12日には、3年生にとって最後の舞台となる卒業演奏会があった。授業で使う水色の作業着と黄色のヘルメット姿の男子部員20人が体育館に勢ぞろい。
「気合入れて頑張るぞ」。主将の太田竣君(18)=自動車科3年=のかけ声に、部員たちは大声で「オス!」。本番前、お決まりの腕立て伏せを始めた。
楽器を構え、緊張した面持ちで舞台にひざまずく。「ドーン」。ドラムの大きな音が、演奏会の幕開けを告げた。部員たちが、楽器を演奏しながら舞台を降りてきた。オープニング曲はミュージカル「ラ・マンチャの男」より「見果てぬ夢」。トランペットの音が高らかに響くと、観客席から大きな拍手がわいた。
マーチングバンド部の名前は「ENGINEER REGIMENT」。直訳だと「エンジニアの連隊」だが、「ものづくりを支える技術者を目指す」との意味が込められている。
2008年に赴任した自動車科の澤田直樹教諭(44)が、休眠状態だった吹奏楽部を再生させた。7人でスタートしたが、初心者ばかりで音符も読めない。澤田教諭は楽譜を簡単にアレンジし、楽器を押さえる指を「1、2」と書いて教えた。
最初のうちは座って演奏するのがやっと。
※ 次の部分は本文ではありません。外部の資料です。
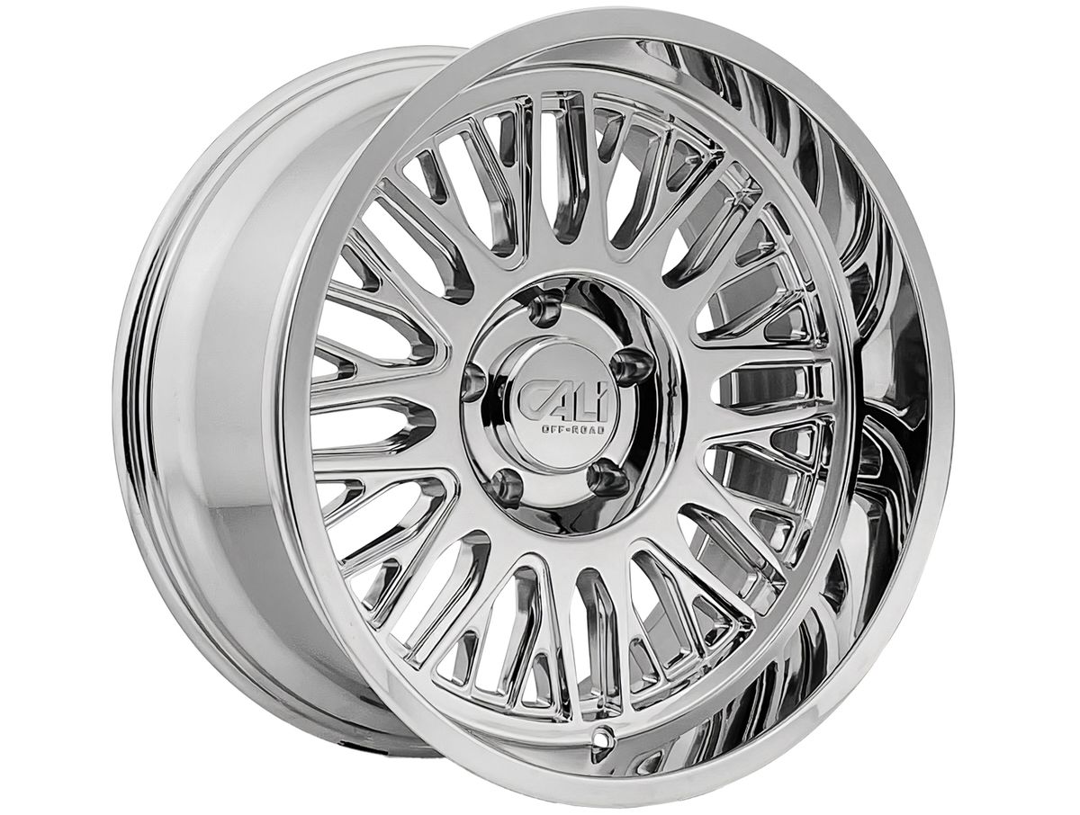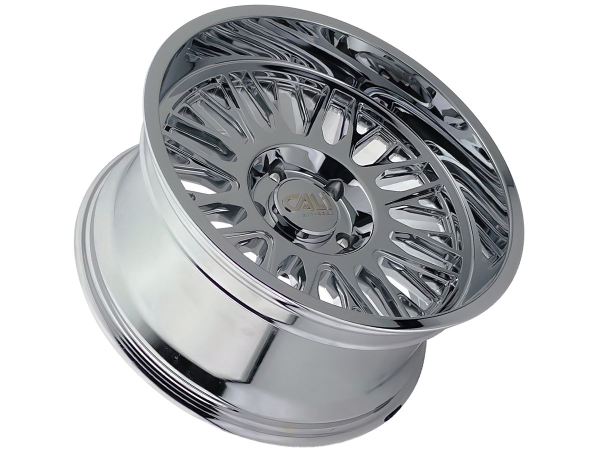 The wheel is covered in a chrome finish that is enhanced by intricate milling on the spokes. The center cap is adorned with the Cali Offroad logo to complete the look.
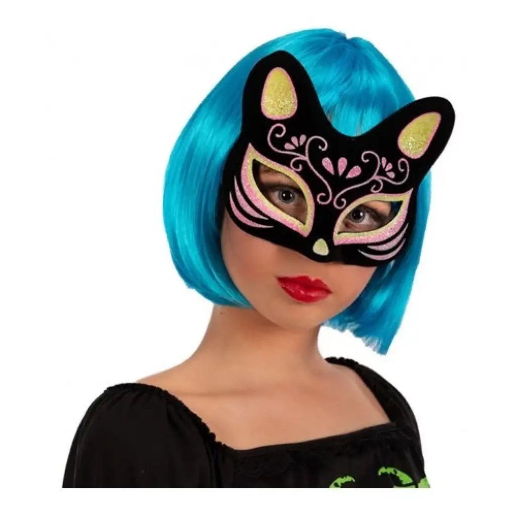 Siyah Süet Sarı Pembe Simli Kedi Maskesi
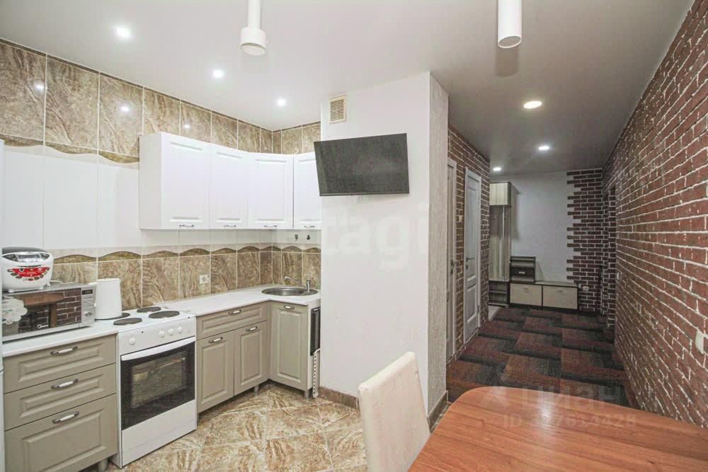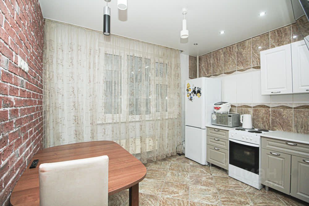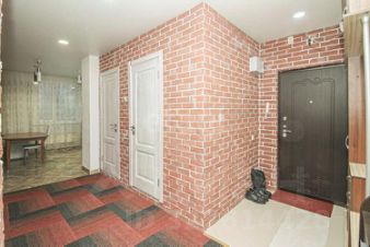 Особенностью интерьера является акцентная стена из декоративного красного кирпича, добавляющая пространству индивидуальности. Ключевое преимущество — полная готовность к заселению: вся кухонная и встроенная мебель, а также бытовая техника (за исключением телевизора и кровати) остаются новому владельцу.
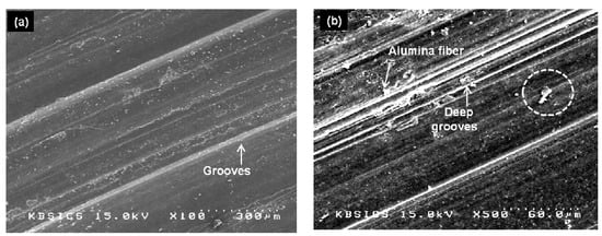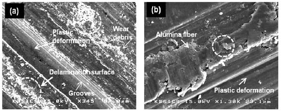 Typical SEM images show the wear worn surfaces of the hybrid composites with 10 vol.% testing at 100 N and 500 N (Figure 7). The figure shows the worn surface of composites tested at 100 N; the result of abrasion by bonding of Al2O3sf and GNFs as a slight ploughing can be observed. The material delamination is not severe on the sample, hence, the grooves are finer on the worn surface as shown in Figure 7a. In the case of the sample tested at 500 N wider grooves appeared on the worn surface due to abrasive wear, as a result, the wear loss is higher. In addition, reattachment of wear debris onto the worn surfaces due to higher applied load can be clearly seen (Figure 7b). The increase in applied load resulted in severe plastic deformation of the worn surface in the sliding direction [30]. In the case of hybrid composites with 15 vol.% tested at 100 N and 500 N (Figure 8), the grooves are finer and smaller debris formed on the worn surface. Moreover, the ploughing grooves were observed on the worn surface. This indicates the removal of material by delamination and a mild damage of a worn surface in the composite being found (Figure 8a). The plastic deformation of the matrix can be restricted due to the GNF cluster within the Al2O3sf network, and supports a barrier to the movement of dislocation, resulting in higher wear resistance. This leads to a smoother worn surface and higher degree of sliding action, which result in a reduction of the coefficient of friction. The reattachment of wear debris can also be seen on the worn surface. The adhesive and abrasive wear of the hybrid composites is slighter than that of the mono-composites due to the presence of GNF clusters, which act as self-lubrication material; this effect is induced by carbon and it reduces the coefficient of friction [31]. However, for the worn surface of the composites tested at 500 N a large extent of material flow and a scuffing tendency have been observed (Figure 8b). Moreover, a scar due to plastic deformation by ploughing is observed and the worn surface was severely deformed. Normally, on the worn surface, micro-cracks and voids are induced due to the plastic formation of composites [32].

演奏がさまになってきた12年、「マーチングの方が見栄えもいいし、工業高校らしく作業着を着せたらおもしろいのでは」と、文化祭で初めて作業着姿でマーチングを披露した。翌年には、同県小牧市の吹奏楽フェスティバルに初参加。懸命なパフォーマンスに喝采が送られた。うわさが広まり、市民まつりや自動車学校のイベントに呼ばれるようになった。作業着姿がすっかり定着し、部員たちも「型にはまらない自由さが楽しい」と話す。